Instructions for the task
Copy out the entire listing below exactly, but without its pictures.

Exercise data
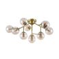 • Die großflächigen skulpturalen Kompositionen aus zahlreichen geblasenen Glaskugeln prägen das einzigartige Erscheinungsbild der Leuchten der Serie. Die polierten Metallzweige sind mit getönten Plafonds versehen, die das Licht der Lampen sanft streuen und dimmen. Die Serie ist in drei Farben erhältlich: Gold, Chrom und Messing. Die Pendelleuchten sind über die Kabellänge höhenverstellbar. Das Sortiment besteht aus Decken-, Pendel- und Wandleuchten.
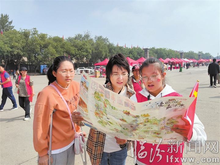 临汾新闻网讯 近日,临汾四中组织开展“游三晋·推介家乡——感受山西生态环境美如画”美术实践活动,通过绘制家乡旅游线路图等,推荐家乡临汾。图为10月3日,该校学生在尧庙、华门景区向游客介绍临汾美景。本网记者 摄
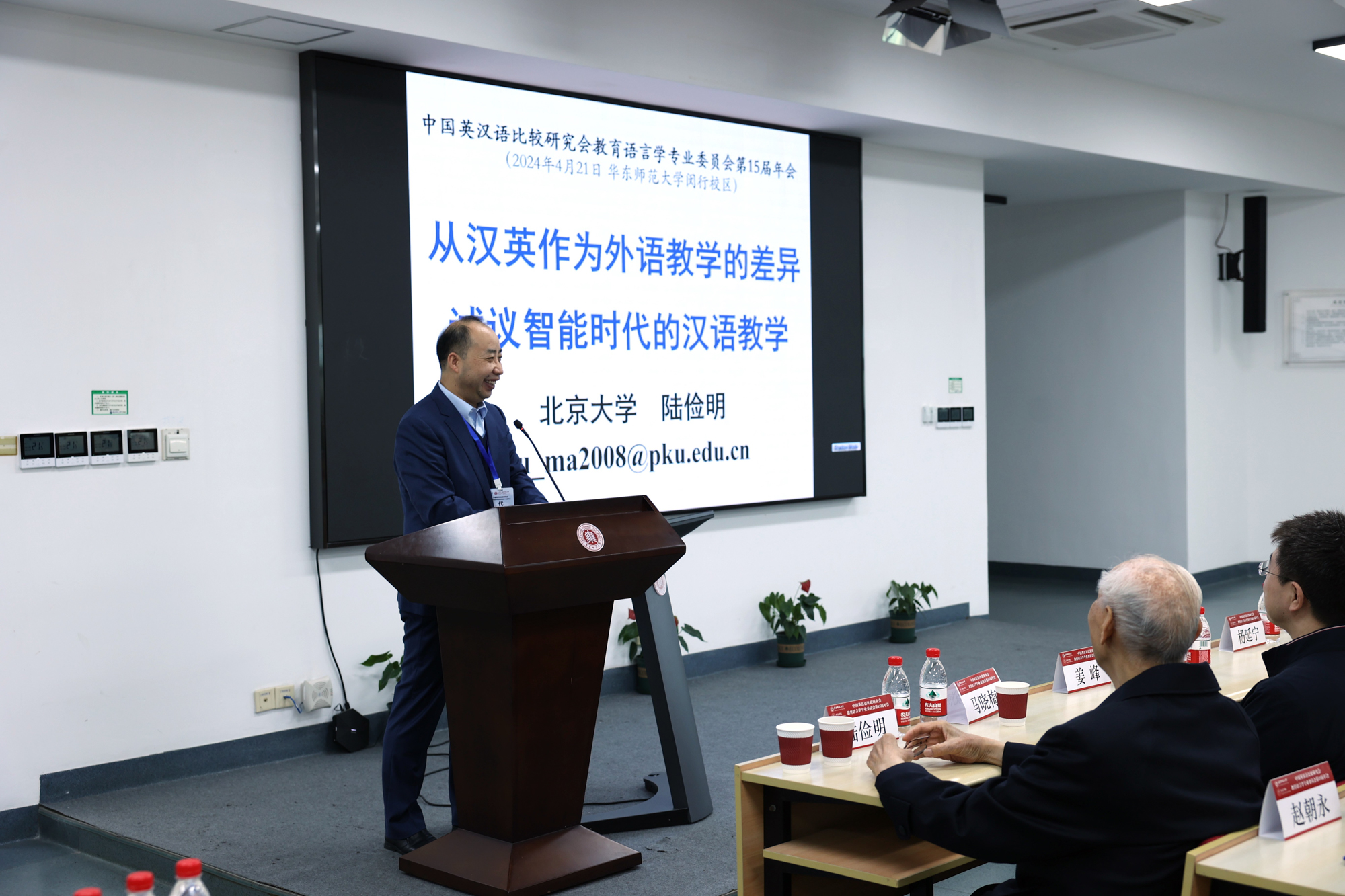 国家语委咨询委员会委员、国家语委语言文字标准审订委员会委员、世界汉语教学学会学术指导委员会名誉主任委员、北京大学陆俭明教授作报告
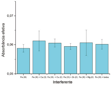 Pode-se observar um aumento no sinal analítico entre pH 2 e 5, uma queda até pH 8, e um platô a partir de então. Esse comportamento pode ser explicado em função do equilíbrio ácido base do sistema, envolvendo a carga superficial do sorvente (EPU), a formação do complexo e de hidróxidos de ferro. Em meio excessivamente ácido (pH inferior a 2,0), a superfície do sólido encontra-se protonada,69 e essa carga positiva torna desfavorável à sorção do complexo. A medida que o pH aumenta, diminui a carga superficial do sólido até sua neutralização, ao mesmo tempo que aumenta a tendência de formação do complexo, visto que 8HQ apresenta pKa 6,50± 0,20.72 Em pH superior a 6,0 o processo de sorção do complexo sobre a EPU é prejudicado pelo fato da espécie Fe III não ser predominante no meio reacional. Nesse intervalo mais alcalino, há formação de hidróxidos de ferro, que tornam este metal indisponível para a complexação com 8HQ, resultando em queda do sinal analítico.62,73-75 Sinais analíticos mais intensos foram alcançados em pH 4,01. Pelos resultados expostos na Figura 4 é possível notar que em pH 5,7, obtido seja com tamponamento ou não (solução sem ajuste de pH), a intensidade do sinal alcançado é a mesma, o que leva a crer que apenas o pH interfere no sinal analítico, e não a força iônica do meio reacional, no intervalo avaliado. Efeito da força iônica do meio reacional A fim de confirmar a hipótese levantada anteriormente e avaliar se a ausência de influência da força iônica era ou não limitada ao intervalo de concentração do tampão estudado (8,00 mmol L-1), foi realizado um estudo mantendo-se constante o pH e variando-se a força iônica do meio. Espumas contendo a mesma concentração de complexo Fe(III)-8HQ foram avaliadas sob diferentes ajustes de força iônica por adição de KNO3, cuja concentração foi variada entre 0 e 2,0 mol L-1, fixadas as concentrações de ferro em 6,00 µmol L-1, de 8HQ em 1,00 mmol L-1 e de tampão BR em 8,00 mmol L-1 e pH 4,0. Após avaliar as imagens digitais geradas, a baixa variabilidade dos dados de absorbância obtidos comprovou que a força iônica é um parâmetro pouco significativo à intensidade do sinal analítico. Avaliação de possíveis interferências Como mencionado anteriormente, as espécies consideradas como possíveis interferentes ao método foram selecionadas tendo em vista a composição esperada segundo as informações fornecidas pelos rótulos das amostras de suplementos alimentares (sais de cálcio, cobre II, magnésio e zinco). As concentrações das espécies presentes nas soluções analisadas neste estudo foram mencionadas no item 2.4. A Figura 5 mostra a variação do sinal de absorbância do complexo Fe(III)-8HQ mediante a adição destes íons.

Task result
 • Die großflächigen skulpturalen Kompositionen aus zahlreichen geblasenen Glaskugeln prägen das einzigartige Erscheinungsbild der Leuchten der Serie. Die polierten Metallzweige sind mit getönten Plafonds versehen, die das Licht der Lampen sanft streuen und dimmen. Die Serie ist in drei Farben erhältlich: Gold, Chrom und Messing. Die Pendelleuchten sind über die Kabellänge höhenverstellbar. Das Sortiment besteht aus Decken-, Pendel- und Wandleuchten.
 临汾新闻网讯 近日,临汾四中组织开展“游三晋·推介家乡——感受山西生态环境美如画”美术实践活动,通过绘制家乡旅游线路图等,推荐家乡临汾。图为10月3日,该校学生在尧庙、华门景区向游客介绍临汾美景。本网记者 摄
 国家语委咨询委员会委员、国家语委语言文字标准审订委员会委员、世界汉语教学学会学术指导委员会名誉主任委员、北京大学陆俭明教授作报告
 Pode-se observar um aumento no sinal analítico entre pH 2 e 5, uma queda até pH 8, e um platô a partir de então. Esse comportamento pode ser explicado em função do equilíbrio ácido base do sistema, envolvendo a carga superficial do sorvente (EPU), a formação do complexo e de hidróxidos de ferro. Em meio excessivamente ácido (pH inferior a 2,0), a superfície do sólido encontra-se protonada,69 e essa carga positiva torna desfavorável à sorção do complexo. A medida que o pH aumenta, diminui a carga superficial do sólido até sua neutralização, ao mesmo tempo que aumenta a tendência de formação do complexo, visto que 8HQ apresenta pKa 6,50± 0,20.72 Em pH superior a 6,0 o processo de sorção do complexo sobre a EPU é prejudicado pelo fato da espécie Fe III não ser predominante no meio reacional. Nesse intervalo mais alcalino, há formação de hidróxidos de ferro, que tornam este metal indisponível para a complexação com 8HQ, resultando em queda do sinal analítico.62,73-75 Sinais analíticos mais intensos foram alcançados em pH 4,01. Pelos resultados expostos na Figura 4 é possível notar que em pH 5,7, obtido seja com tamponamento ou não (solução sem ajuste de pH), a intensidade do sinal alcançado é a mesma, o que leva a crer que apenas o pH interfere no sinal analítico, e não a força iônica do meio reacional, no intervalo avaliado. Efeito da força iônica do meio reacional A fim de confirmar a hipótese levantada anteriormente e avaliar se a ausência de influência da força iônica era ou não limitada ao intervalo de concentração do tampão estudado (8,00 mmol L-1), foi realizado um estudo mantendo-se constante o pH e variando-se a força iônica do meio. Espumas contendo a mesma concentração de complexo Fe(III)-8HQ foram avaliadas sob diferentes ajustes de força iônica por adição de KNO3, cuja concentração foi variada entre 0 e 2,0 mol L-1, fixadas as concentrações de ferro em 6,00 µmol L-1, de 8HQ em 1,00 mmol L-1 e de tampão BR em 8,00 mmol L-1 e pH 4,0. Após avaliar as imagens digitais geradas, a baixa variabilidade dos dados de absorbância obtidos comprovou que a força iônica é um parâmetro pouco significativo à intensidade do sinal analítico. Avaliação de possíveis interferências Como mencionado anteriormente, as espécies consideradas como possíveis interferentes ao método foram selecionadas tendo em vista a composição esperada segundo as informações fornecidas pelos rótulos das amostras de suplementos alimentares (sais de cálcio, cobre II, magnésio e zinco). As concentrações das espécies presentes nas soluções analisadas neste estudo foram mencionadas no item 2.4. A Figura 5 mostra a variação do sinal de absorbância do complexo Fe(III)-8HQ mediante a adição destes íons.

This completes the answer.